Saturday, June 27, 2015

Mange and Primroses


Most evenings
as dusk approaches
we look to see if the evening primrose flowers have started to open
and we look north, east, south, and west
for bears.

Uncle Jack taught us about evening primroses.
New flowers open each evening,
quickly.
The buds split and fold back
and four papery yellow petals unfurl,
exposing stamens
and the cross-shaped stigma;
a closer look reveals strings of pollen
strung across the flower like webs.
The whole process takes about a minute and a half.
Calming.
Fascinating.

We sometimes miss the bears
as they aren't on as predictable a schedule
as the primroses.
Bears may come in the mornings
or afternoons
or during the night
and all we see are their tracks
or broken branches on the Juneberries
or the birdfeeder on the ground.
The cracked corn
that Den scatters on the driveway for the doves
sometimes disappears overnight,
licked clean.
This week, though,
we have spotted a yearling cub
visiting at dusk.
One evening Den found him in the garage
next to the spilled sunflower seed container
and named him Little Bear
like the bear in the Minarik/Sendak children's books.
The next night I saw him
as he moseyed from the driveway
to the back woods
where I had thrown old eggs
and some ham fat.
The cub was not easily frightened
but stood up,
curious.
He reminded me of the pictures from my youth
of starving Biafran children
with sad smiles
and skinny limbs
and distended bellies.
His limbs and belly
were almost hairless,
his ears white
with mange.
Den wanted to fatten him up;
I wanted to stroke him,
to teach him to come when I call
like a pet cat--
not that our cats come when we call--
but instead we called the game warden.


Officer Stewart and his deputy came yesterday morning
with a large metal tube on a trailer,
a humane trap.
It was baited with dogfood
and fat
and beaver lure
and tasty sunflower seeds.
In the late afternoon,
Den added a opened can of tuna
but no bear came at dusk.
I settled for the primrose show.


This morning at 7:15
while lying in bed
we heard a clunk.
"Got him!" 
We dashed outside in the rain,
peered through the holes
and saw his white ear tips.
"It's Little Bear," Den said.
"Let him alone.

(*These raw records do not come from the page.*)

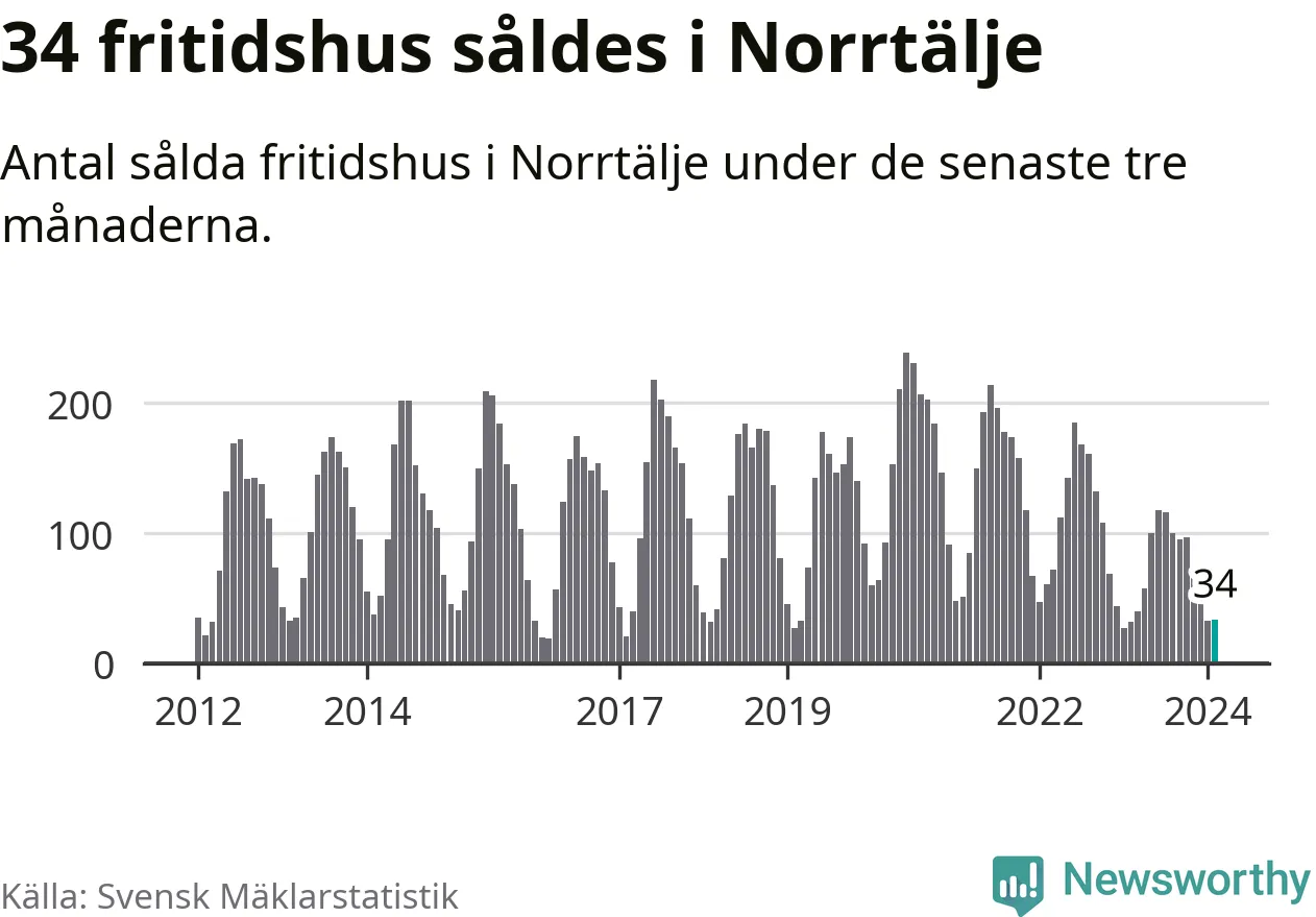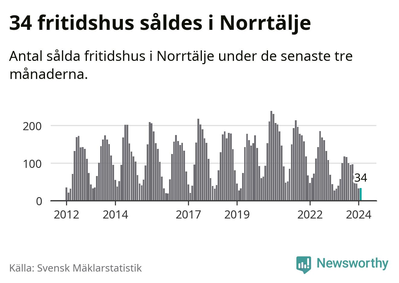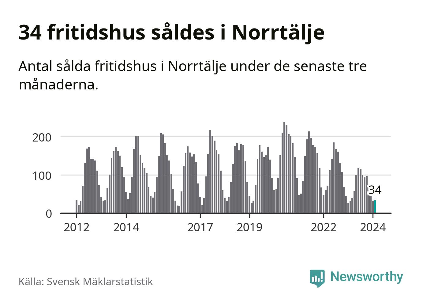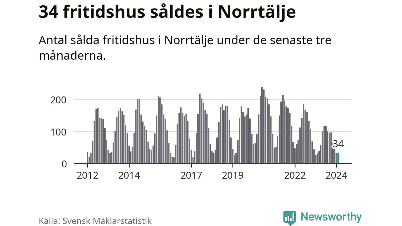 Sammanlagt såldes 34 fritidshus i Norrtälje kommun mellan december 2023 och februari till ett genomsnittligt pris på 3,1 miljoner kronor. I fjol gjordes 32 affärer vid den här tiden på året.
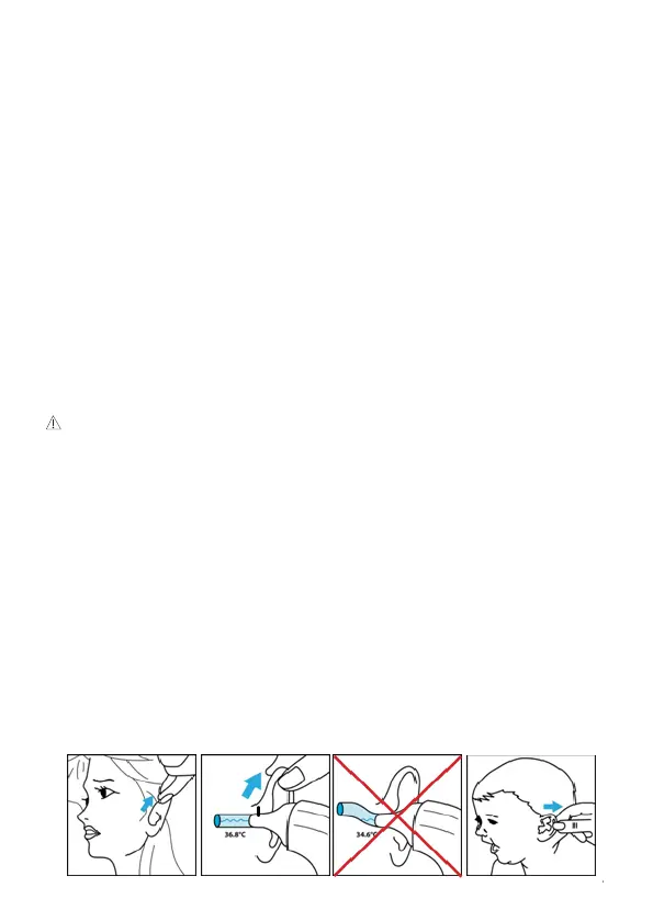 • Ensure that the ears are clean. Earwax inuences the accuracy of the measurement.
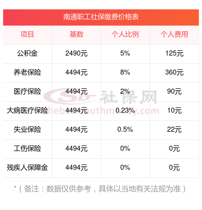 南通2025年养老保险缴费标准是多少?下表是2025年南通社保费用明细参考,新社通app-社保缴费查询工具提供的最新数据如下:
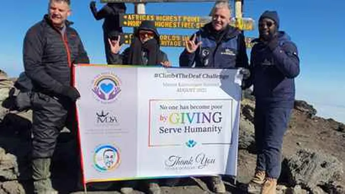 Former Miss Deaf SA Tracy Duncan, a graphic designer from Goodwood, and her fellow climbers conquered the moerse mountain so that laaities can receive the opportunity to hear.
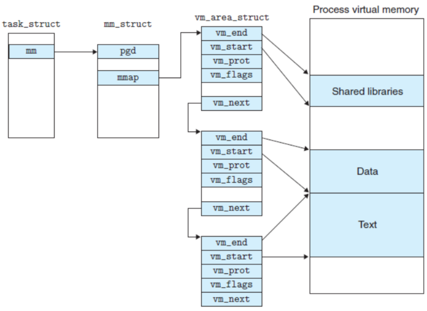 - 前面提到虚拟地址空间也是由结构体mm_struct所描述起来的,那么这个mm_struct里面存储的是什么东西?核心是虚拟地址空间中每个分区的起始地址和结束地址。
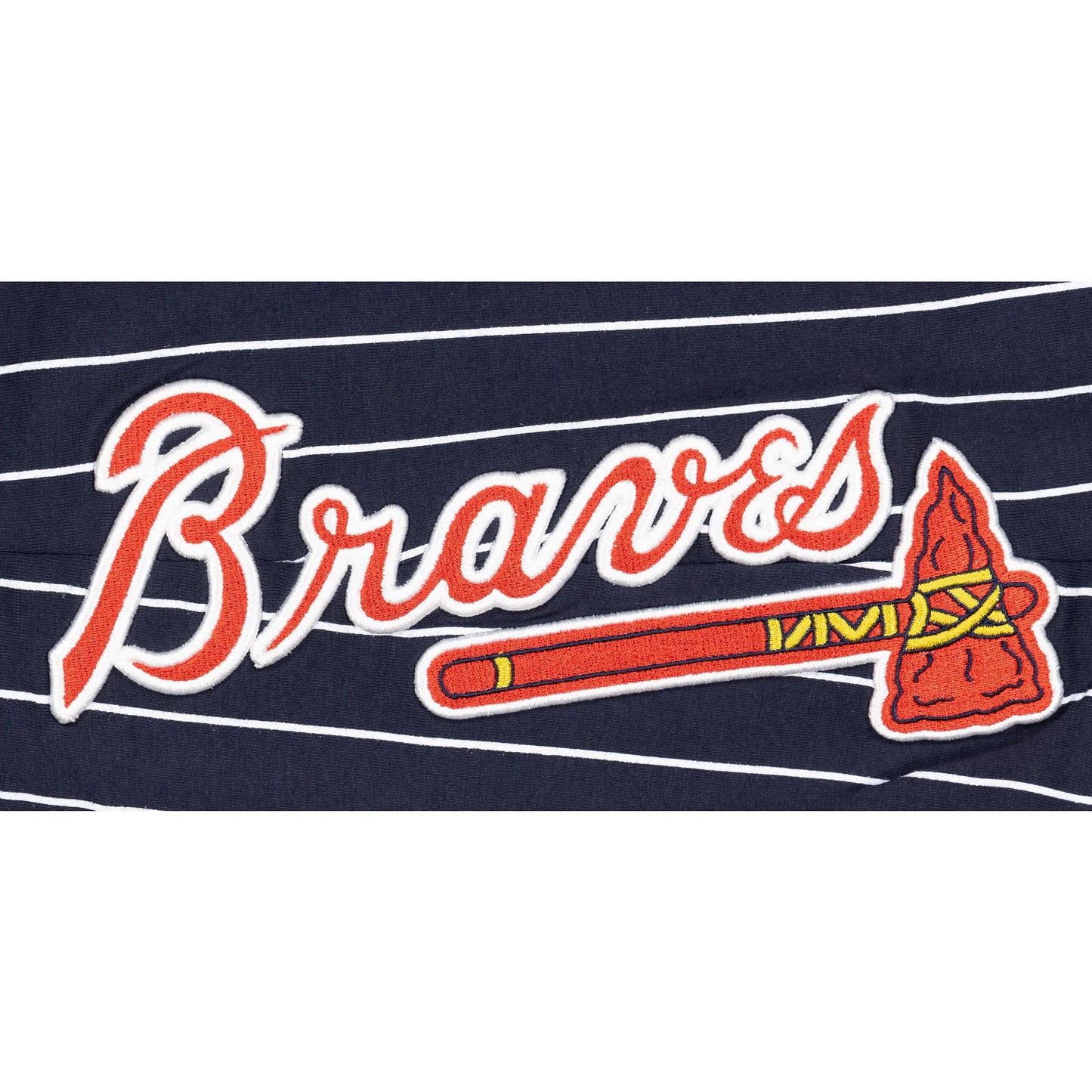 The Atlanta Braves Logo Select Pinstripe Jogger features a chenille applique Braves logo and embroidered wordmark at the left leg with an alternate team logo at the right ankle.
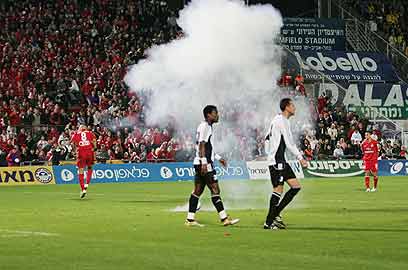 שחקני בית"ר על רקע רימון ההלם שעורר את כל המהומה (ראובן שוורץ)
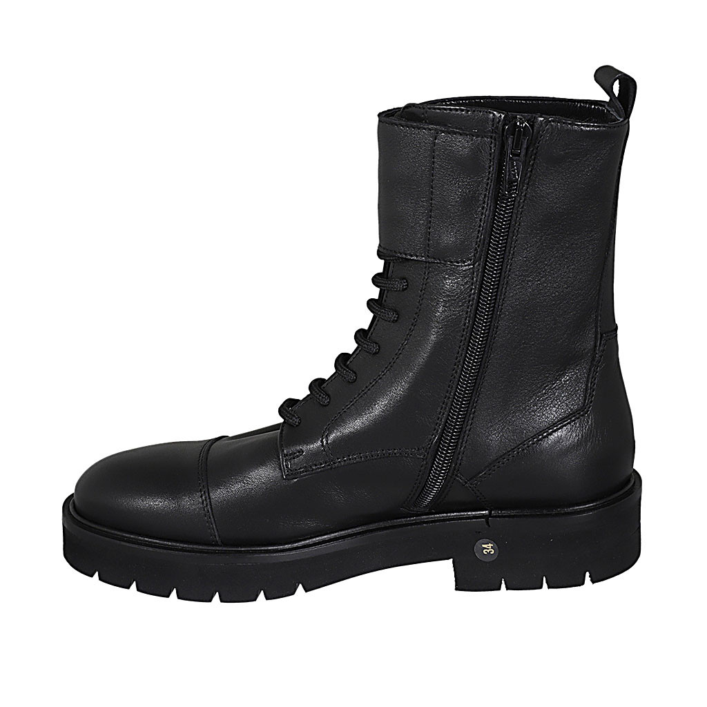 Botin con cremallera, cordones y elastico para mujer en piel negra tacon 3
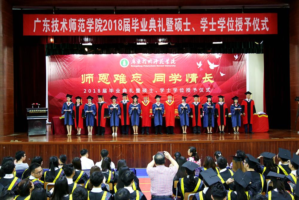 郭杰表示,学校即将更名为广东技术师范大学。这是2006年我院获得硕士学位授予权后的又一次飞跃。在这欢庆的时刻,同学们共同见证了学校的发展!郭杰代表学校全体师生员工,向2018届全体毕业生及其家人致以最热烈的祝贺!
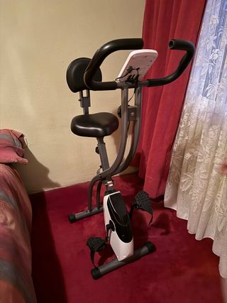 Vendo bicicleta estática plegable Bluefin Fitness en estado excelente. Se ha usado muy poco y está prácticamente como nueva. Muy cómoda gracias al asiento con respaldo, ideal para entrenar en casa. Es silenciosa, estable y ocupa muy poco espacio porque se puede plegar. Características: • Asiento amplio con respaldo • Resistencia regulable • Pantalla con tiempo, velocidad, distancia y calorías • Muy silenciosa • Fácil de plegar y guardar La bicicleta funciona perfectamente. La pantalla a veces falla, probablemente sea algo sencillo de arreglar. Se vende porque no se usa. Costó 179€ nueva.
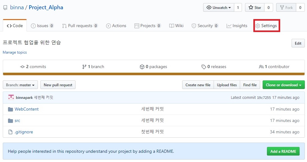 : 협업자 등록할 해당 Repositories 클릭 > Settings 클릭

He's scared."
But I couldn't.
I peeked in one hole,
then another,
talked to him,
told him I was sorry he was so sick.
His nose appeared,
curious.
and I blew on it.
He made some noises.

Den couldn't let him alone, either.
He thought that Little Bear's mom
may have been the mountain's mangy bear
that circled but wouldn't enter last year's trap,
that she hadn't survived hibernation,
and that the cub had been on his own for months.
"Poor Little Bear.
He must be hungry."
Den dropped half a pound of good bacon into one of the holes.

Officer Stewart came this afternoon
and took him away.
He will determine
whether Little Bear is a candidate for rehabilitation--
medicinal treatment--
or not.

Not long ago
I made my evening trip to the windows
and looked north, east, south, and west,
but saw no bears.
I said a prayer for Little Bear
and looked at the primroses.
They stood tall in the raspberry patch,
shedding raindrops
like tears.

---------------------------------------------

Follow-up to this story, two days later:

When we called to report another bear,
Middle Bear,
about 250 pounds
with slight mange
and tags in both ears,
Officer Stewart told us that Little Bear
had received two mange treatments
and was released in the gamelands.
When he was given a dead beaver,
instead of eating it,
he snuggled down with it.

We now have another cub in the trap
instead of the Middle Bear
we have Tiny Bear.
He, too, is mangy
and loves bacon.

Hopefully,
by the end of the summer,
we will have caught and treated them all.